Data excerpts:
○ ○ ○ ○
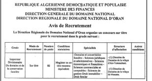 الجمهورية الجزائرية الديمقراطية الشعبية الوكالة الوطنية للتشغيل الفرع الولائي للتشغيل بتوقرت المديرية العامة للوظيفة العمومية والاصلاح الاداري لولاية توقرت اعلان عن توظيف ads تعلن المديرية العامة للوظيفة العمومية والإصلاح الإداري عن فتح مسابقة للتوظيف على أساس الشهادات للالتحاق بالرتبة المبينة أدناه: إعلان عن مسابقات …
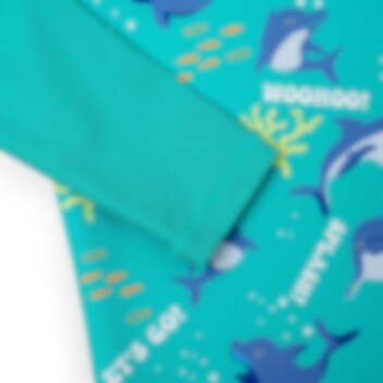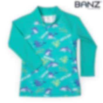 Tunnustetun australialaisen Banz-merkin laadukas, mukava ja hyvännäköinen lasten uimapaita & aurinkosuojapaita täyspitkillä hihoilla. Uimapaita, joka suojaa lasta auringon vaarallisilta UV-säteiltä, on valmistettu pehmeästä ja joustavasta materiaalista, joka on hyvin kloorin kestävä sekä suojattu kankaan vaalenemiselta auringossa. Puvussa on pehmeät ihonystävälliset saumat sekä tyylikkäät delfiini-motiivit. Mukava ja kestävä UV-suuojapaita suojakerroin UPF50+ lomamatkalle tai kesäisin rannalle. Sopii hyvin yhteen Banz Dolphins uimashortsien ja kesähatun kanssa.
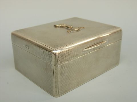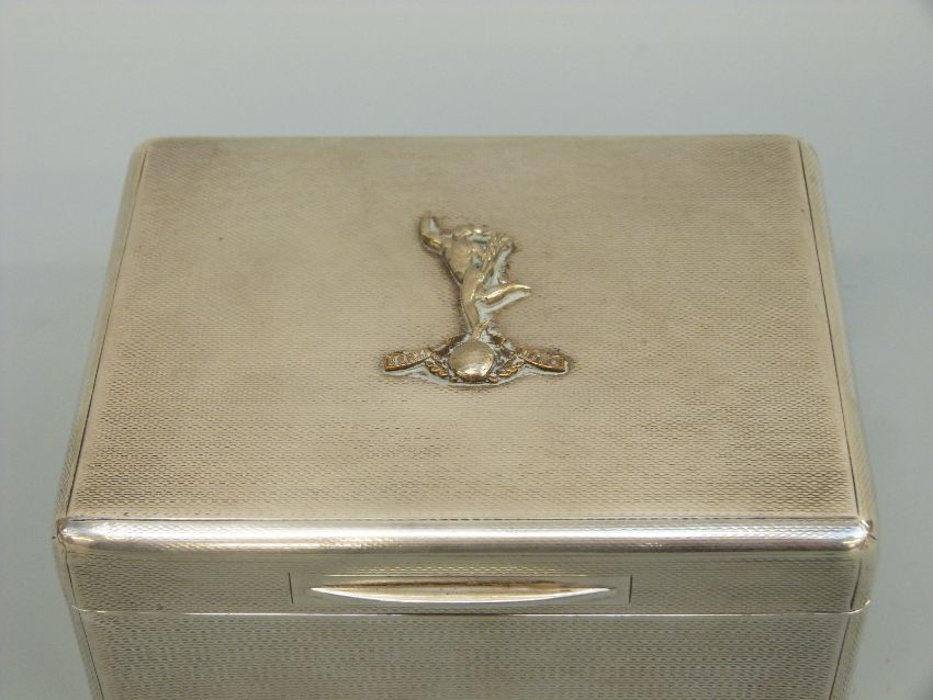 A George V hallmarked silver engine turned Royal Signals interest cigarette box, London 1928 maker Padgett & Braham, width 11.5cm
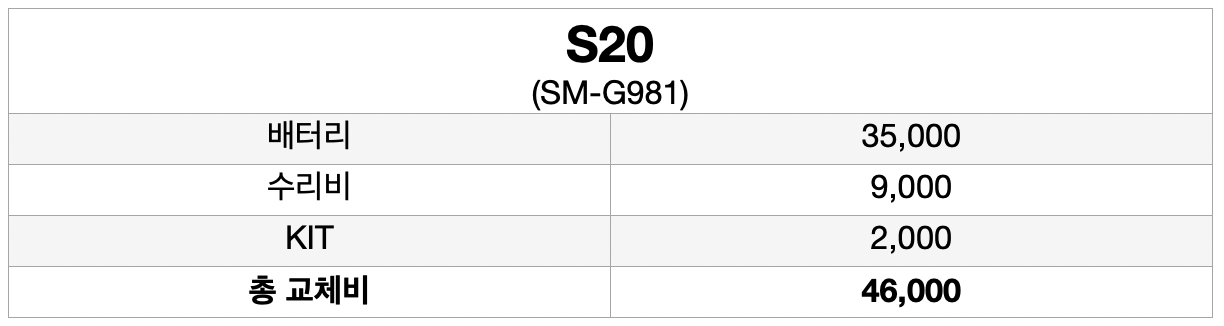 삼성 갤럭시 S20 (sm-g981) 모델의 배터리 교체 예상 비용은 [ 배터리 35,500원 + 수리비 9,000원 + KIT 2,000원 = 총교체비 46,000원 ] 입니다.
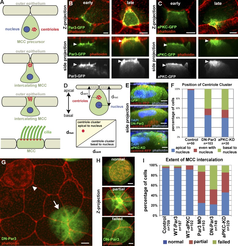 Figure 1. Apical positioning of centrioles and intercalation requires the Par complex. (A) Schematic representation of MCC intercalation. (B and C) Apical localization (arrowheads) of Par3-GFP (B) and aPKC-GFP (C) at different stages of intercalation (early and late). (D) Schematic of the quantification of centriole positioning in MCCs. (E and F) Representative z stack cross-section images (E) and quantification (F) of centriole position in control, DN-Par3, and aPKC-KD MCCs. (G) Mosaic image showing wild-type MCC that has intercalated (arrowhead) and a DN-PAR3-GFP (arrow) MCC that failed to intercalate. (H) Images illustrating the three different phenotypes used for scoring MCC intercalation. (I) Quantification of intercalation in MCCs expressing GFP, Par3-GFP, aPKC-GFP, Par-3 MO, DN-Par3-GFP, or aPKC-KD-GFP. For all experiments, cells from a total of at least five embryos from at least two independent experiments were quantified unless specified otherwise. Quantification in F is based on at least 10 cells each from a total of at least five embryos from at least two independent experiments. Quantifications of DN-Par3 and aPKC-KD phenotypes in F and I are statically significantly different from controls (P < 0.0001, see Table S1). Side projection refers to side views of projection along the x axis in all figures. See Fig. S1. Bars, 5 µm.
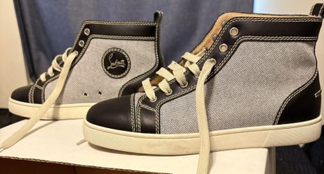 Christian Louboutin High-Top Sneakers Black White Canvas Leather Logo EU 42$550Pompano Beach, FL
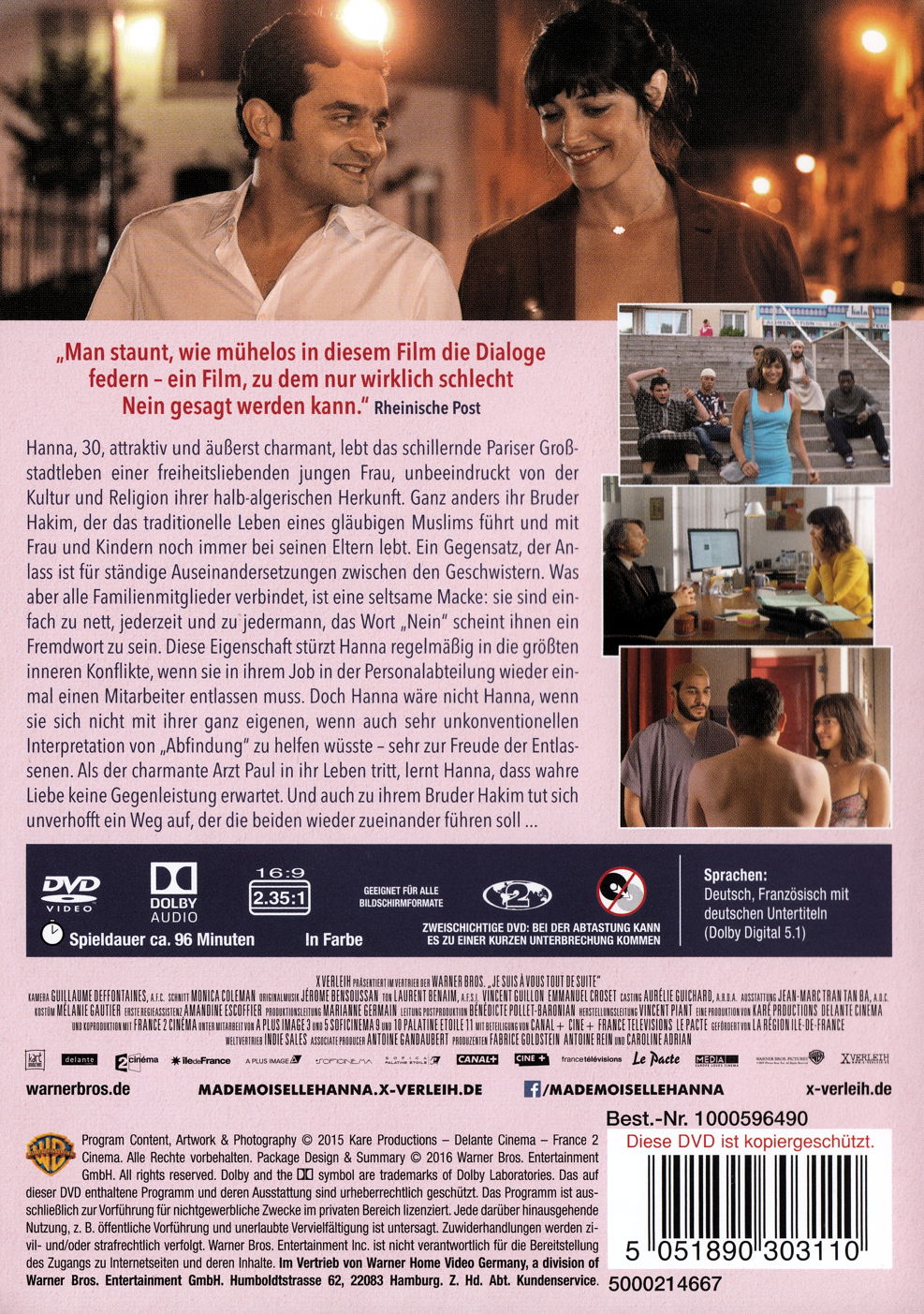 Die 30-jährige Hanna Belkacem ist eine charmante, attraktive Frau, die in Paris ihre Freiheit geniesst, während ihr Bruder Hakim sich streng an den Koran hält und mit Frau und Kindern nach wie vor bei seinen Eltern lebt. Eines hat die Familie Belkacem gemeinsam: keinem der Angehörigen fällt es leicht, Nein zu sagen. Für Hanna, die in einer Personalabteilung arbeitet, wird das vor allem immer dann zum Problem, wenn sie mal wieder einen Mitarbeiter feuern muss. Ihre Kompensationsstrategie ist ausgefallen – sie schläft mit den Gefeuerten, damit die sich am Ende über ihre Entlassung freuen. Doch als sie den freundlichen Arzt Paul kennenlernt, lernt Hanna, dass wahre Liebe keine Gegenleistung braucht. Und plötzlich hat sie auch die Chance, das Verhältnis zu ihrem Bruder Hakim zu verbessern...
○ ○ ○ ○
## Work instruction
Output must match the lines from the start of the records above through the line that contains "삼성 갤럭시 S20 (sm-g981)", exactly and with every picture removed.

## Final answer
 الجمهورية الجزائرية الديمقراطية الشعبية الوكالة الوطنية للتشغيل الفرع الولائي للتشغيل بتوقرت المديرية العامة للوظيفة العمومية والاصلاح الاداري لولاية توقرت اعلان عن توظيف ads تعلن المديرية العامة للوظيفة العمومية والإصلاح الإداري عن فتح مسابقة للتوظيف على أساس الشهادات للالتحاق بالرتبة المبينة أدناه: إعلان عن مسابقات …
 Tunnustetun australialaisen Banz-merkin laadukas, mukava ja hyvännäköinen lasten uimapaita & aurinkosuojapaita täyspitkillä hihoilla. Uimapaita, joka suojaa lasta auringon vaarallisilta UV-säteiltä, on valmistettu pehmeästä ja joustavasta materiaalista, joka on hyvin kloorin kestävä sekä suojattu kankaan vaalenemiselta auringossa. Puvussa on pehmeät ihonystävälliset saumat sekä tyylikkäät delfiini-motiivit. Mukava ja kestävä UV-suuojapaita suojakerroin UPF50+ lomamatkalle tai kesäisin rannalle. Sopii hyvin yhteen Banz Dolphins uimashortsien ja kesähatun kanssa.
 A George V hallmarked silver engine turned Royal Signals interest cigarette box, London 1928 maker Padgett & Braham, width 11.5cm
 삼성 갤럭시 S20 (sm-g981) 모델의 배터리 교체 예상 비용은 [ 배터리 35,500원 + 수리비 9,000원 + KIT 2,000원 = 총교체비 46,000원 ] 입니다.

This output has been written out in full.